Jennie Garth has admitted she struggled with her competitive attitude towards other women “for many years” due to her time on Beverly Hills, 90210.

“A lot of what happened on that set shaped us in all directions,” Garth, 49, said on Monday’s episode of her and costar Tori Spelling’s 9021OMG podcast.

“But I think as a young girl… [the show] brought out a super competitive part of me being in that environment of being judged because of my looks or how I looked in an outfit,” added Garth, who played Kelly Taylor on the hit ’90s teen drama.

She continued, “It was just a different day and age and it gave us young girls a lot of mixed messages.
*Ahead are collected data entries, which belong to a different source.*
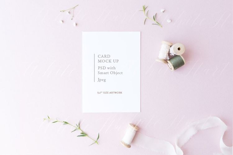 图穷联素材库 » 粉红卡片样机模板card mock up on pink background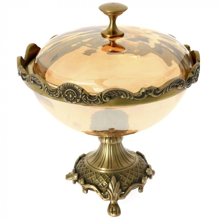 Купа с капак, метал и стъкло, злато, Ф20х42 см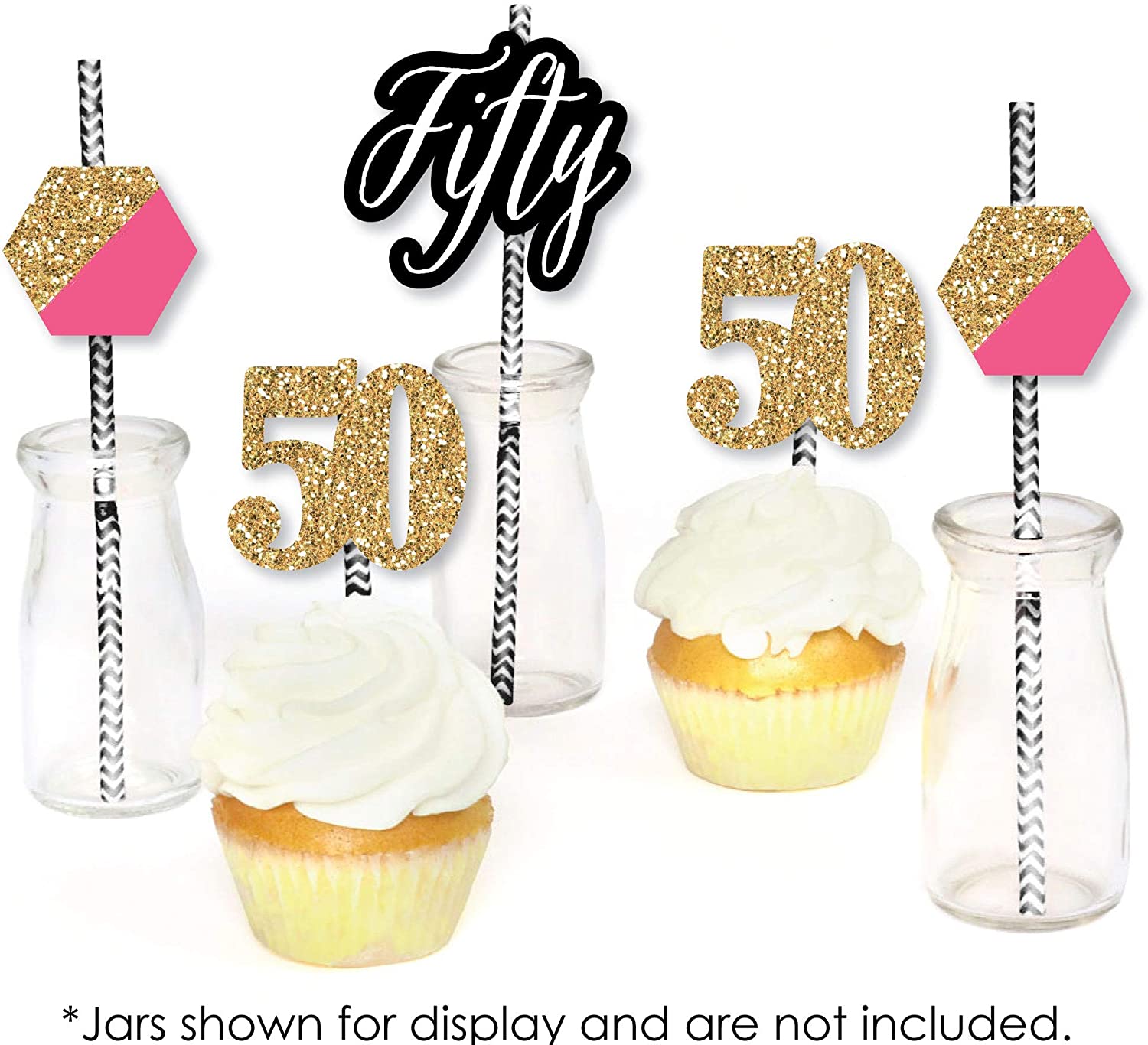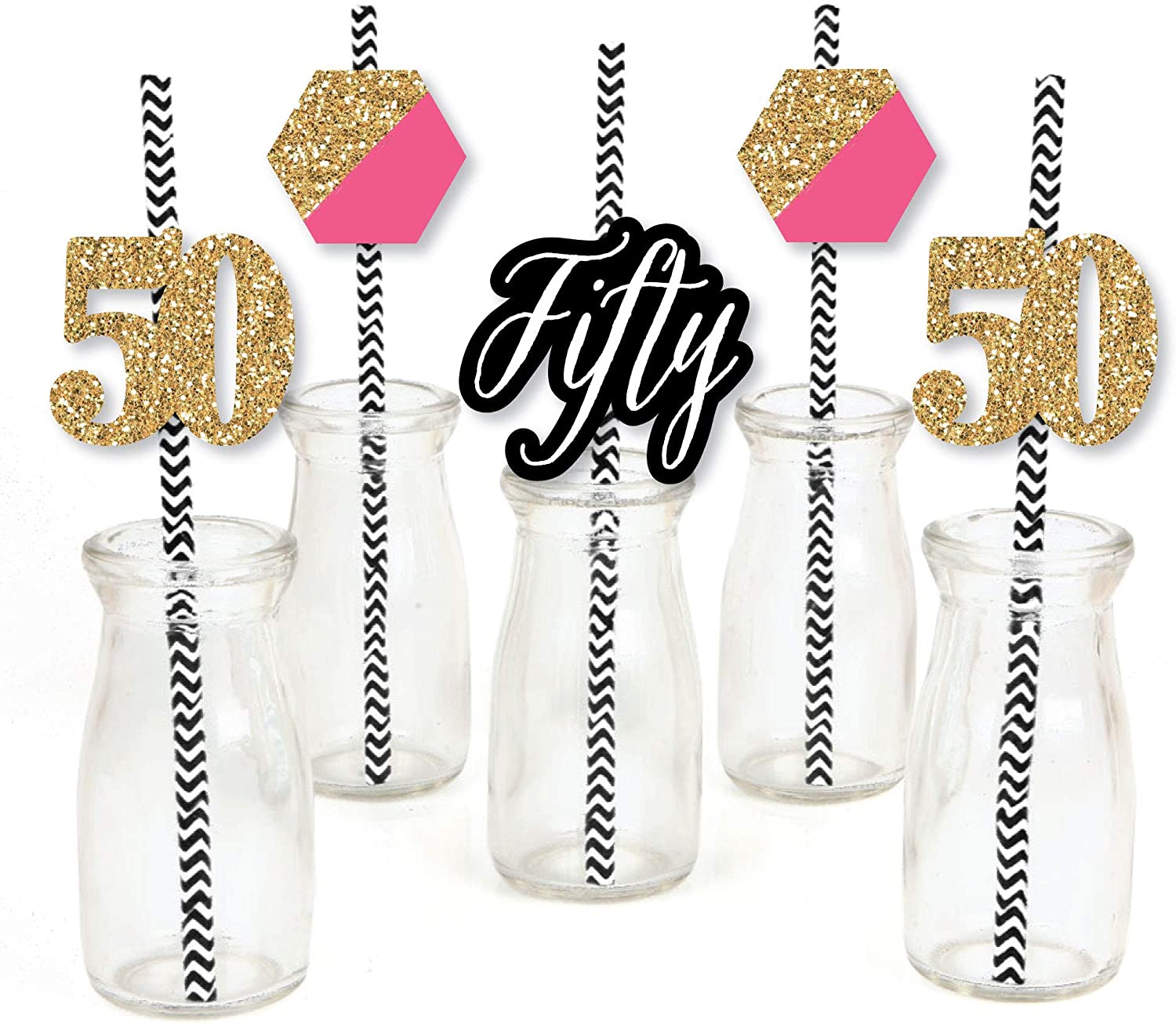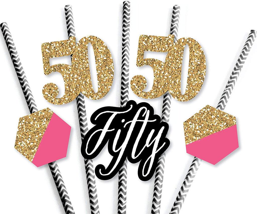 Chic 50th Birthday - Pink, Black and Gold Paper Straw Decor - Birthday Party Striped Decorative Straws - Set of 24 is backordered and will ship as soon as it is back in stock.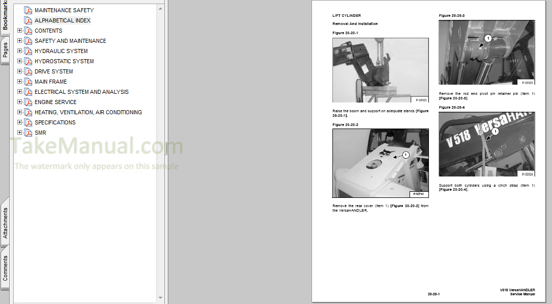 Repair Manual For Bobcat V518 VersaHANDLER. Illustrations, instructions, diagrams for step by step remove and install, assembly and disassembly, service, maintenance, inspection, repair, troubleshooting, tune-ups.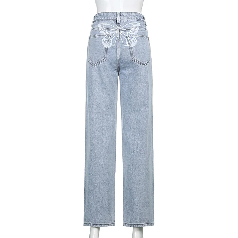 Джинсы женские винтажные с принтом бабочек, повседневные мешковатые...
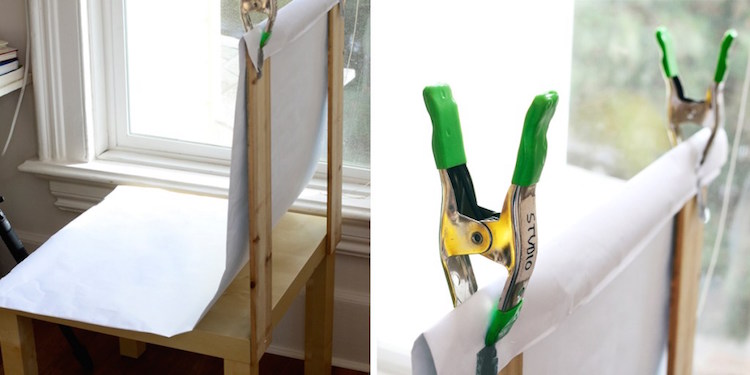 The simplest way to achieve this is by pushing a chair against a wall, and taping craft paper on the wall allowing it naturally fall to the ground, creating a seamless transition between the vertical to horizontal plane.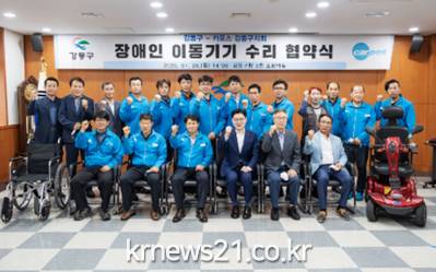 구는 지난 20일(월) 구청 3층 소회의실에서 자동차전문정비조합 카포스 강동구지회(지회장 김경천)와 ‘장애인 이동기기 수리 협약’을 맺고 장애인 복지증진에 힘을 모으기로 했다.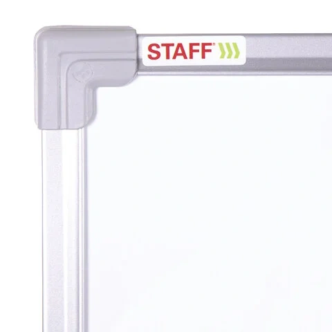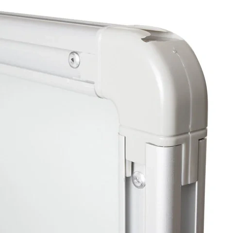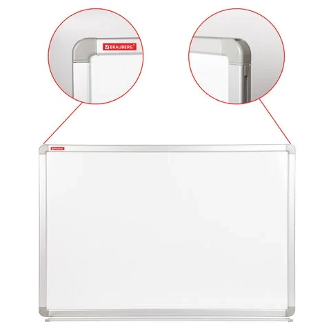 Доска обрамлена металлическим профилем серебристого цвета и скреплена пластиковыми уголками. В комплект входят крепления для размещения доски на стене. Для удаления защитной пленки необходимо потянуть за верхний свободный угол, после чего пленка легко отойдет от рабочей поверхности. При необходимости можно провести вдоль рамы канцелярским ножом для удаления остатков пленки.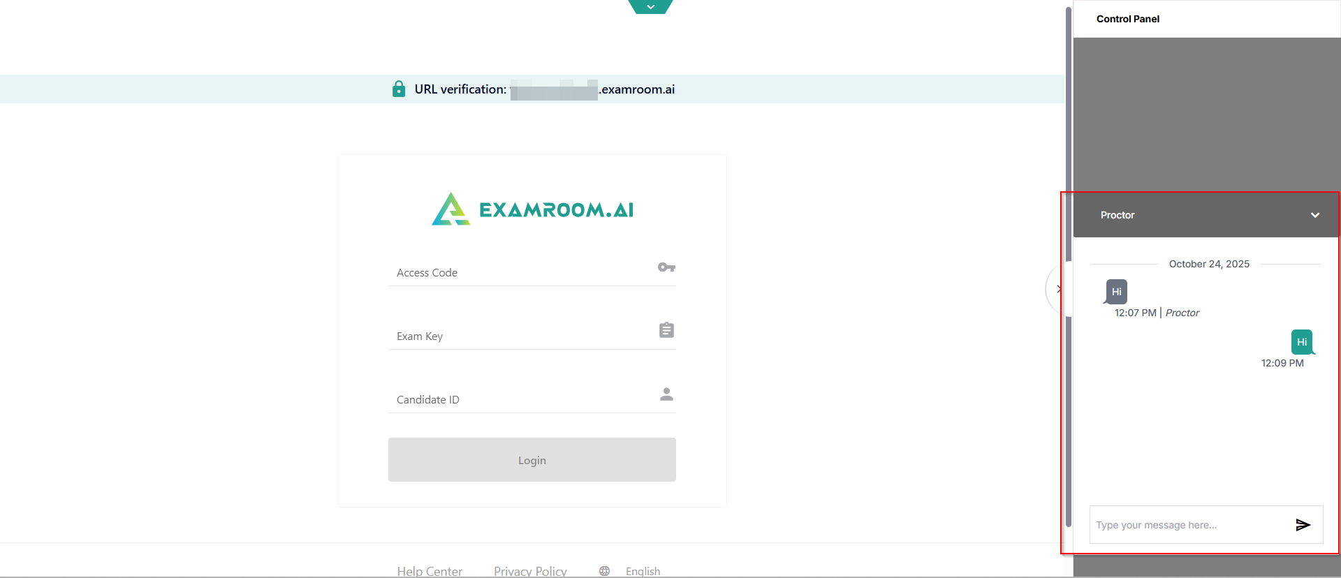 Click to open the chat box and reply or send a message to the proctor. The chat option will be active throughout your exam session.

I, for many years, struggled with [it].”

“If I’m honest, I think [the show] kind of taught me to be threatened by other girls be threatened by other women [and] be more competitive because I wanted our costars approval or attention,” she said.

The effects stayed with Garth, who went on to reprise her character on the spinoff 90210 and the reboot BH 90210.

“It messed with me on a deeper level and not until later in life that I kind of think it wasn’t ever about the other girls,” Garth reflected. “And why did I ever make the other girls an enemy in my mind?”

[From People]

I did not watch a lot of Beverly Hills 90210 when it was on. That’s only because I was bartending to pay for college, so my schedule didn’t allow for much evening TV. I caught a few of the early episodes, the ones in which the Minnesota Walsh family were the comparisons against the Southern Californian families of privilege. Going purely off memory, I felt like they addressed female competitiveness on the show, so it’s disheartening to hear they actively encouraged it when the cameras stopped rolling. I remember the discussions in the media surrounding the cast – who’s the hottest, the actresses weight, etc. And each actress in the cast was assigned a role by the media as well: Tori was the nepotism hire that would never live up to the job. Shannen Doherty was the Difficult One. Gabrielle Carteris was The Lucky One, because she was hired to be smart, not pretty. And poor Jennie was the Hot One. I say “poor Jennie” because every successive attractive actress hired was compared to her so of course she would see her co-stars as threats and not allies. I can’t imagine having her husband turn out to be a serial cheater did anything to help heal her need to compete.

But it sounds like she did heal and good for her. I think Jennie is on to something when she said, “It was just a different day and age and it gave us young girls a lot of mixed messages.” Jennie is just a couple years younger than me. I, too, distrusted women for most of my life. I definitely competed with them whether they knew it or not. And I have no idea where that came from. I blamed certain people for years, but I think they were just existing with the same mixed messages that Jennie and the rest of us were. I hate to admit it, but it took having a daughter for me to see my dysfunction with women. But I am so grateful I finally did because having women in my life now is absolutely amazing.